Izba była ogromna. Zwłaszcza że mieściła się w piwnicy. Jednak jej wyposażenie nie budziło wątpliwości. Ściany zasłaniały stojaki na wszelki wymysł ludzkiej technologi ćwiartowania, miażdżenia i kłucia ciał o sprzecznych interesach. Oraz zasłaniania wrażliwych części ciał. Od pełnych, choć pamiętających lepsze czasy pancerzy, poprzez kolcze zbroje aż po skórznie, które nie miały na sobie śladu pleśni, którą w piwnicy było czuć wyraźnie. Ktoś musiał dbać o to miejsce i zgromadzony tu sprzęt. To dawało do myślenia.

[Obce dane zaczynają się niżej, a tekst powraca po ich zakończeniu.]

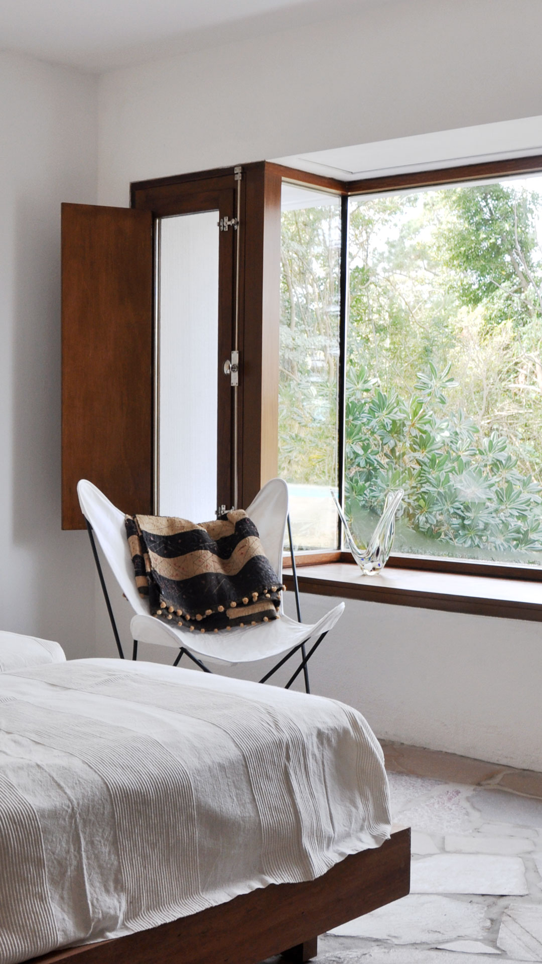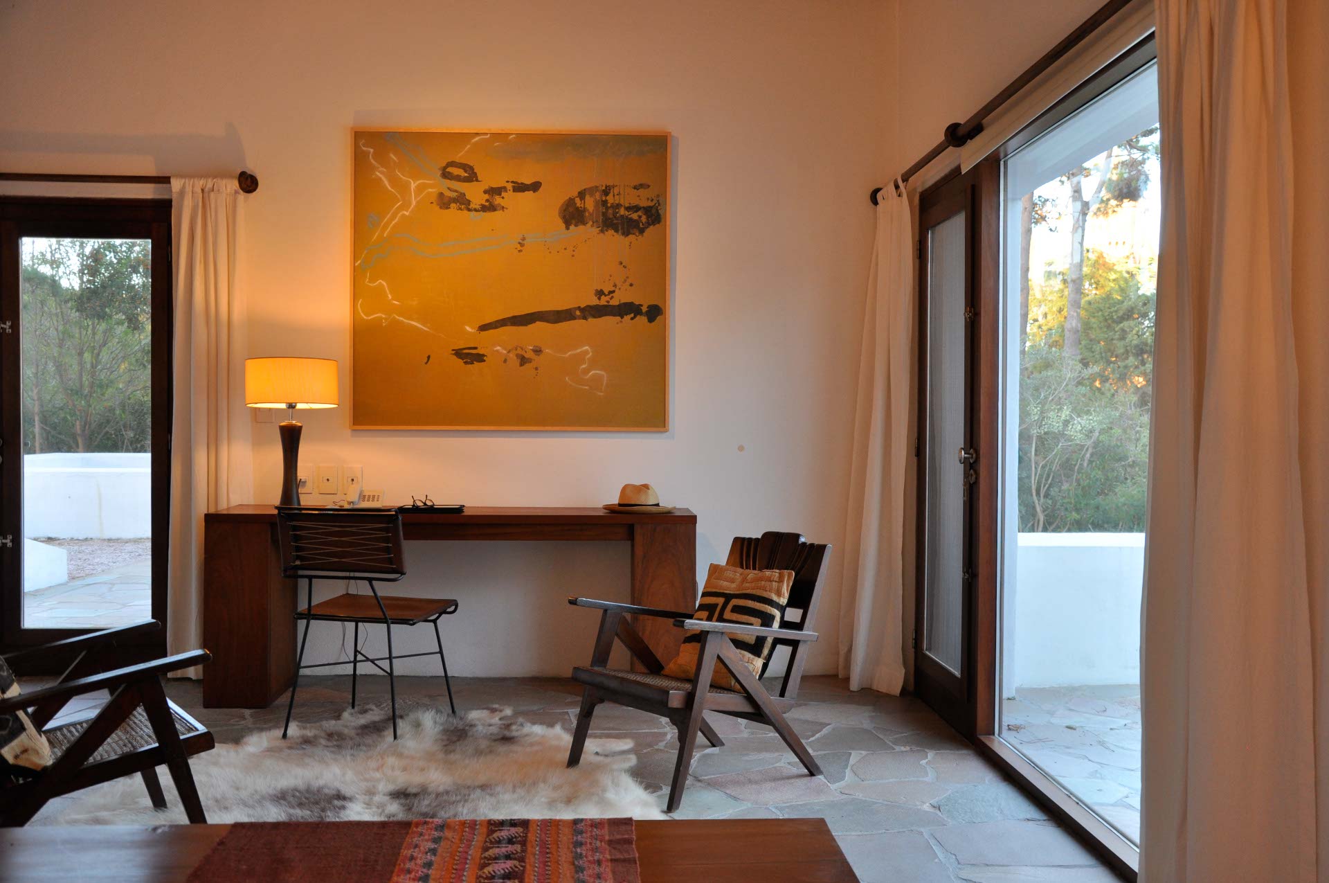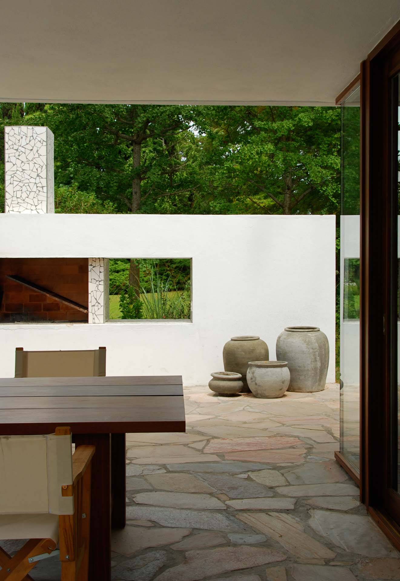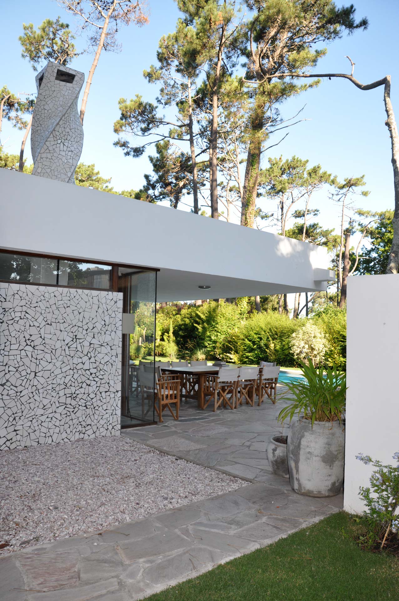 Villa Hilaria is a simple holiday home. All rooms are located on the ground floor except for the master bedroom, which is upstairs. The house has two wings, the first of which contains two bedrooms, a bathroom and a complete suite. The second, perpendicular to the first, houses a single living area (living room, dining room, kitchen) which extends onto a terrace covered by a large canopy. The L-shape has made it possible to preserve two existing pine trees and give the garden a certain intimacy by protecting it from the street. The construction is as simple as the programme. Built in just five months, the house is composed of load-bearing brick walls and concrete slabs coated with lime plaster. The only distinctive feature is the eaves, which are supported by metal reinforcements concealed in the carpentry. The doors and windows are made of wood; the frames and external blinds are made of lapacho, and the rest is cedar. The architectural expression is based on the purity of the volumes, which create a strong contrast between solids and voids, the simplicity of the materials and the omnipresence of the pine trees.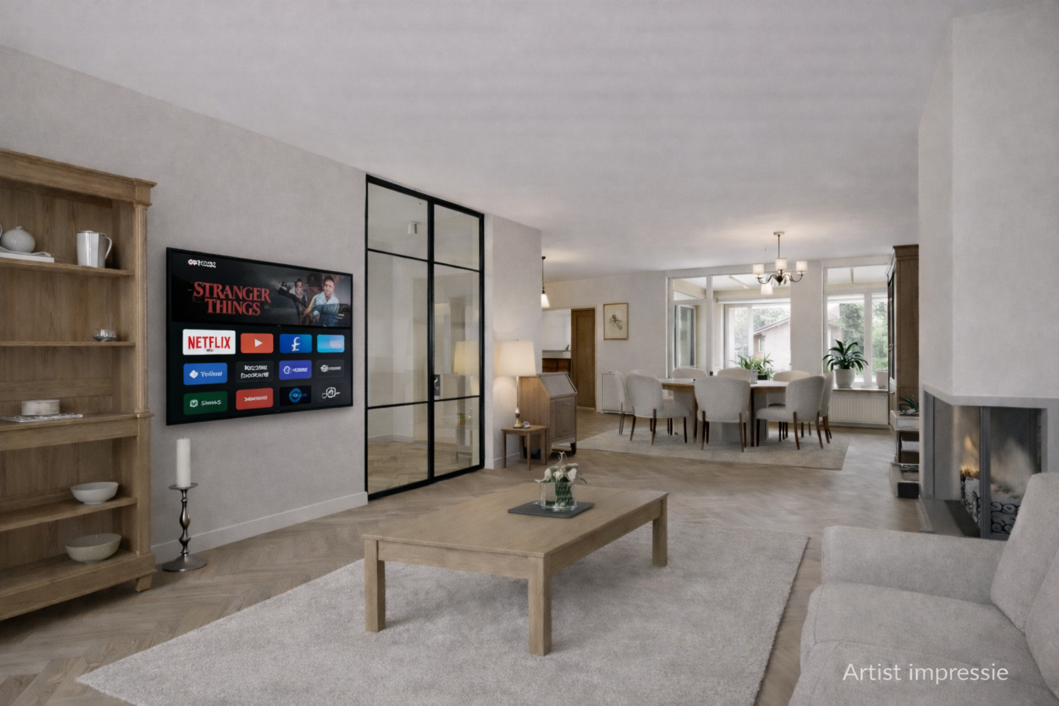 – de eetkamer in open verbinding staat met de woonkamer en zicht biedt op de tuin;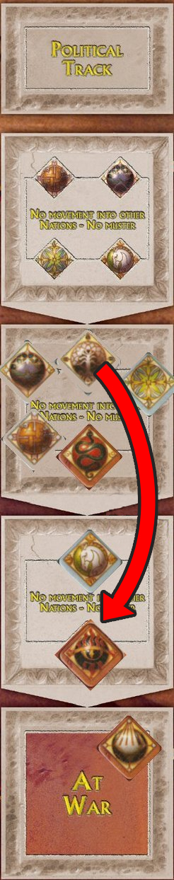 The political track for each race is advanced through invasion of their territory, a dice roll, or persuasion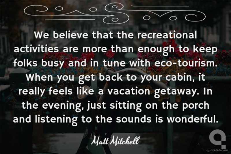 We believe that the recreational activities are more than enough to keep folks busy and in tune with eco-tourism. When you get back to your cabin, it really feels like a vacation getaway. In the evening, just sitting on the porch and listening to the sounds is wonderful.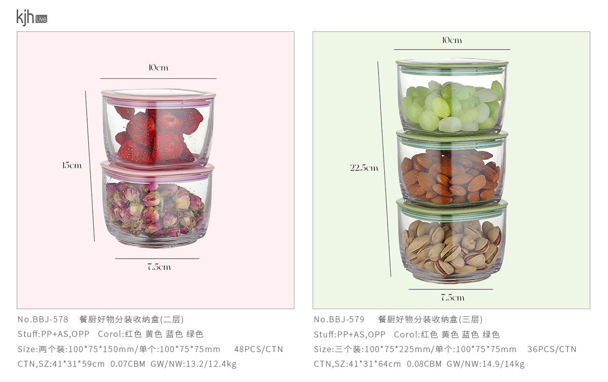 Size: BBJ-578(二層):兩個裝:100*75*150mm/單個:100*75*75mm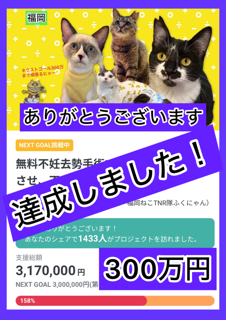 皆様の暖かいご支援により、ネクストゴール300万円を達成させて頂くことが出来ました。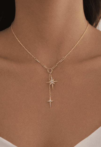 Taşlı Işıltılı Kutup Yıldızı Küpe | Gold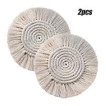2 Pcs Boho-style Handmade Macrame Coasters Made Of Cotton

Podobnie do myślenia dawały solidne łoża, które szybko znalazły uznanie w oczach zmęczonych „chłopaków Rudego”. Jak i przygotowana na stole strawa. Piwniczka była meliną jak się patrzy i aż żal było, że Ostry nie przysłał kilku dziewczyn z góry, do swoich „lochów”. Odpoczynek jednak był tym, czego potrzebowali najbardziej. Gościnność Ostrego też dawała do myślenia.

Najbardziej jednak do myślenia dał im szczęk zasuwy, który rozległ się po tym, jak rozeszli się po piwnicy szukając dla siebie fantów by w pełni skorzystać z oferty Ostrego.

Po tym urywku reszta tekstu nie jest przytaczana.